If you need anything else, please let me know.
> SMC feature version: 0, program: 0, firmware version: 0x00041e2a (4.30.42)
Thanks. I'll share this with the right folks.
I want to set expectations on the path forward because it's not a short path. AMD may try to reproduce this on reference hardware. If the team can't reproduce it, the only ones that could fix it are Lenovo.
If the team can repro and comes up with a fix it would need to be provided to OEMs like Lenovo. OEMs would need to do their own testing with it and eventually could roll it out.
---
If any other users with Ryzen 3000 encounter this as well, please provide the same details Neil provided:
1) Add a dmesg confirming the failure.
2) Provide amdgpu_firmware_info from your failing system.
I'm running on a Lenovo T495 with an AMD Ryzen 7 3700U, here is my amdgpu_firmware_info, I just upgraded my kernel and reboot and noticed this issue, just now.

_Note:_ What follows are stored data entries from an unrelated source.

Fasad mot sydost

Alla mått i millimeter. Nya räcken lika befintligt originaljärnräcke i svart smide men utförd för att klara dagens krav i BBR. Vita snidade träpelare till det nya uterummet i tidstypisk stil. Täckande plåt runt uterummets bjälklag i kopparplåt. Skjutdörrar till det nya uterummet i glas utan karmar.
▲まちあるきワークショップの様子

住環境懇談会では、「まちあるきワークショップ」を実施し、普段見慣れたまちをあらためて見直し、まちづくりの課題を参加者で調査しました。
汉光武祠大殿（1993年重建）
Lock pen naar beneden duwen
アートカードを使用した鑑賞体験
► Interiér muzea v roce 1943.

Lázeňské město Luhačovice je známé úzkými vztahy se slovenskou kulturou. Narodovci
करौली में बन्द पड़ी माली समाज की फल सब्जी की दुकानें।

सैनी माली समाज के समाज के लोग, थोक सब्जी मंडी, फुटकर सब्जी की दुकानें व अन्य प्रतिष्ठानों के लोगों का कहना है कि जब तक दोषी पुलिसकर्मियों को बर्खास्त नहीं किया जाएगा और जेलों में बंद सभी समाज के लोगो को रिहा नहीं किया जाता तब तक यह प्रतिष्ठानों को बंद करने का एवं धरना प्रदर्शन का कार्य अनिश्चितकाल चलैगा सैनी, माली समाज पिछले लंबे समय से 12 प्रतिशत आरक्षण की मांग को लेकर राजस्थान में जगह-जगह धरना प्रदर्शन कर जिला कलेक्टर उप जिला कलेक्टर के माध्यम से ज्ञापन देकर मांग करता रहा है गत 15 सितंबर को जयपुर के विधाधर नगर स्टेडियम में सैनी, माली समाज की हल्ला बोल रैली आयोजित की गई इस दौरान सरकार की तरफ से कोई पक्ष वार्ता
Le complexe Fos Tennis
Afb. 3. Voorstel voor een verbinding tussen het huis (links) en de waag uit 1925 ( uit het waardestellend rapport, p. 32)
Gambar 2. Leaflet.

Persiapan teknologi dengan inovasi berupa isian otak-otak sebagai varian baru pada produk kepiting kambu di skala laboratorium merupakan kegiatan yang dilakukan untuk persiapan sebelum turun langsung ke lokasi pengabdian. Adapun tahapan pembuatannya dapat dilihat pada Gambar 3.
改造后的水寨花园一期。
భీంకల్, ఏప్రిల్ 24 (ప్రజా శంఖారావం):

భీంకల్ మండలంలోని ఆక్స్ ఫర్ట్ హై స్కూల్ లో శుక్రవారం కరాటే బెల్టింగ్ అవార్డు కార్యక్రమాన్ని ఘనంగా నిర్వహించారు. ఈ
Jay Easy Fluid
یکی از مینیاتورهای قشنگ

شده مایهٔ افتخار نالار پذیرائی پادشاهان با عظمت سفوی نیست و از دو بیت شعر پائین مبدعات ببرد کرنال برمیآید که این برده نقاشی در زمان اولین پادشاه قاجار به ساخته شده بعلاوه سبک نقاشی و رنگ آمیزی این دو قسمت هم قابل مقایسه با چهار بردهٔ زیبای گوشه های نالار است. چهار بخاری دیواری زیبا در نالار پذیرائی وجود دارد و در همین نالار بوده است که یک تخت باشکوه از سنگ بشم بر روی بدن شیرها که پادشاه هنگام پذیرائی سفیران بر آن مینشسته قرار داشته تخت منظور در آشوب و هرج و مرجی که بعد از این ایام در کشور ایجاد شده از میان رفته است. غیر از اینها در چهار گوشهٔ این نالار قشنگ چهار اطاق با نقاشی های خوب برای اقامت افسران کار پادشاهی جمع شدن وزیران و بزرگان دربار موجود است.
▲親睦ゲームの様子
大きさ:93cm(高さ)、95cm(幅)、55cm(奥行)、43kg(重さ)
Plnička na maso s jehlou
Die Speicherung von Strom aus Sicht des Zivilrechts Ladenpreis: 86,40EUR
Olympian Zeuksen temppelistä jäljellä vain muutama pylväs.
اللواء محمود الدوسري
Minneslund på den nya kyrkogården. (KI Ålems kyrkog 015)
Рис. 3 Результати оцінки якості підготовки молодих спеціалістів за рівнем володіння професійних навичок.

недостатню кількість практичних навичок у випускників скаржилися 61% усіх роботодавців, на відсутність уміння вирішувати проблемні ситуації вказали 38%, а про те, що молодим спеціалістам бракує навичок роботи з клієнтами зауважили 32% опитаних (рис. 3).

Created attachment 301798 [details]
amdgpu_firmware_info_ryzen7-3700U
Ryzen 7 3700U Zen+, VBIOS version: 113-PICASSO-114
Created attachment 301799 [details]
dmesg_ryzen_7_3700U_T495
dmesg logs from boot till USB device being connected, I have a USB-C Thinkpad Dock that also gets connected at startup with 1 external screen and few USB devices connected to it.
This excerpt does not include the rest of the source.